Hari Itu Datang Seperti Guntur di Tengah Langit Cerah
Awal April 2025. Dunia belum selesai menarik napas dari resesi global, tiba-tiba datang kabar dari Gedung Putih. Presiden Donald Trump kembali ke tampuk kekuasaan dan langsung mengumumkan kebijakan Liberation Day Tariffs yang lebih terdengar seperti judul film Marvel, tapi isinya adalah tarif impor tingkat dewa.
Indonesia masuk dalam daftar negara yang dianggap punya "utang dagang moral" ke Amerika Serikat. Dan dengan itu, produk-produk ekspor andalan kita dari alas kaki sampai onderdil motor kena tarif total 42 persen (10% tarif dasar ditambah 32% tarif tambahan).
Pagi itu, pasar keuangan Indonesia mendadak seperti habis ditinggal kabur partner bisnis. IHSG anjlok, nilai tukar rupiah nyaris keok, dan para pelaku usaha? Gigit jari sambil menyeduh kopi yang mendadak terasa pahit.
Sebuah Tarif yang Hidupnya Hanya 13 Jam
Namun drama belum selesai. 13 jam setelah tarif diberlakukan pada 9 April 2025, Trump secara mengejutkan menangguhkannya selama 90 hari. Iya, 13 jam saja. Kalau tarif itu bayi, dia bahkan belum sempat digendong. Pasar langsung jungkir balik. Saham yang turun mendadak naik. Investor yang panik mendadak senyum-senyum.
Tapi yang tetap bingung: para pelaku usaha. "Jadi ini serius atau cuma gertakan doang?" tanya salah satu eksportir sambil mengecek ulang invoice yang baru saja dikoreksi untuk tarif baru yang ternyata batal.
Kritik bermunculan. Analis menyebut kebijakan ini "seperti sandiwara", dan CEO dari berbagai sektor menyindirnya "tarif TikTok" karena cuma viral sebentar lalu menghilang.

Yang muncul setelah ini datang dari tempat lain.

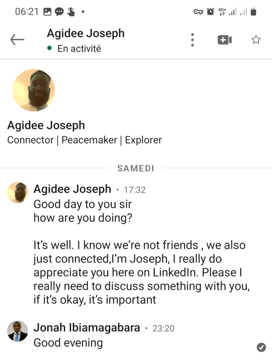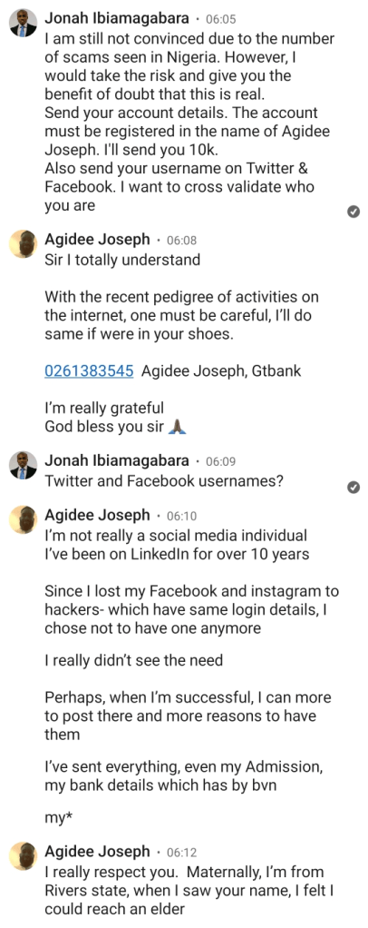 First, we begin with an elaborate social engineering scam on LinkedIn. A random person sent me a connection request and later reached out to plead for “transport fare” to assume duty at a government agency. I was not convinced that this was a genuine request, but having been in a situation where I needed money to travel for an interview, I decided to give this person the benefit of doubt. For me, it was better to lose the little money being requested to a scammer than having to risk a genuine person losing what could be a life-changing opportunity.

Ketika Gertakan Jadi Cermin
Daripada berkutat dalam spekulasi, Indonesia harus memutuskan untuk tidak hanya bertahan tapi berubah. Kita sadar, terlalu bergantung pada satu pasar itu seperti menggantungkan hidup pada mantan yang mood-nya kayak sinyal WiFi di hutan: tak stabil, gampang hilang, dan bikin stres.
Ada 2 (dua) langkah besar yang dapat menjadi fondasi transformasi ekonomi kita. Pertama, Kita Putar Setir Pasar. Tak bisa lagi menggantungkan nasib pada pasar AS yang mood-nya kayak mantan PHP (Pemberi Harapan Palsu), kita harus mulai banting setir ke kawasan lain seperti: Asia Timur yang biaya logistiknya lebih murah, pasarnya familiar, dan bahasanya bisa ditebak. Bisa juga ke Timur Tengah yang demand-nya tinggi, nilai tukar menguntungkan, dan pasarnya luas. Pilihan lain adalah Eropa, memang penuh standar ketat, tapi sekali masuk, pasarnya loyal dan premium.

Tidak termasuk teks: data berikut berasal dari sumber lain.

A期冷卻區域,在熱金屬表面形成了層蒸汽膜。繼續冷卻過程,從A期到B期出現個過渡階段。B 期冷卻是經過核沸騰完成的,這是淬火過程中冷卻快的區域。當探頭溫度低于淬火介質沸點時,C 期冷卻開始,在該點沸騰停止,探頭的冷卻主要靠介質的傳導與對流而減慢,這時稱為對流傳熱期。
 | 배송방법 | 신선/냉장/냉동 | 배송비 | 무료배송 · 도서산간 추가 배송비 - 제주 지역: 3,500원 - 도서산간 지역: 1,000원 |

Perjanjian dagang seperti RCEP jangan cuma langsung dipoles tapi harus betul-betul dieksekusi. Diplomasi dagang diperkuat. Intinya? Banyakin teman, kurangi drama. Dengan percaya diri, kita harus mulai bilang ke dunia: "Hai dunia, produk kami tak kalah cakep, yuk kenalan."
Kedua, Masuk ke Dunia Digital, Tapi Tak Asal Nyalain WiFi. Kita sadar, cara produksi jadul (jaman dulu) sudah tak bisa diandalkan. Tidak bisa lagi bikin laporan keuangan pakai spreadsheet dan doa semata. Maka transformasi teknologi menjadi keharusan bukan lagi pilihan. UMKM kita harus sudah kenalan sama: Smart factory, Internet of Things (IoT), Artificial Intelligence (AI), Big data, dan Analitik prediktif.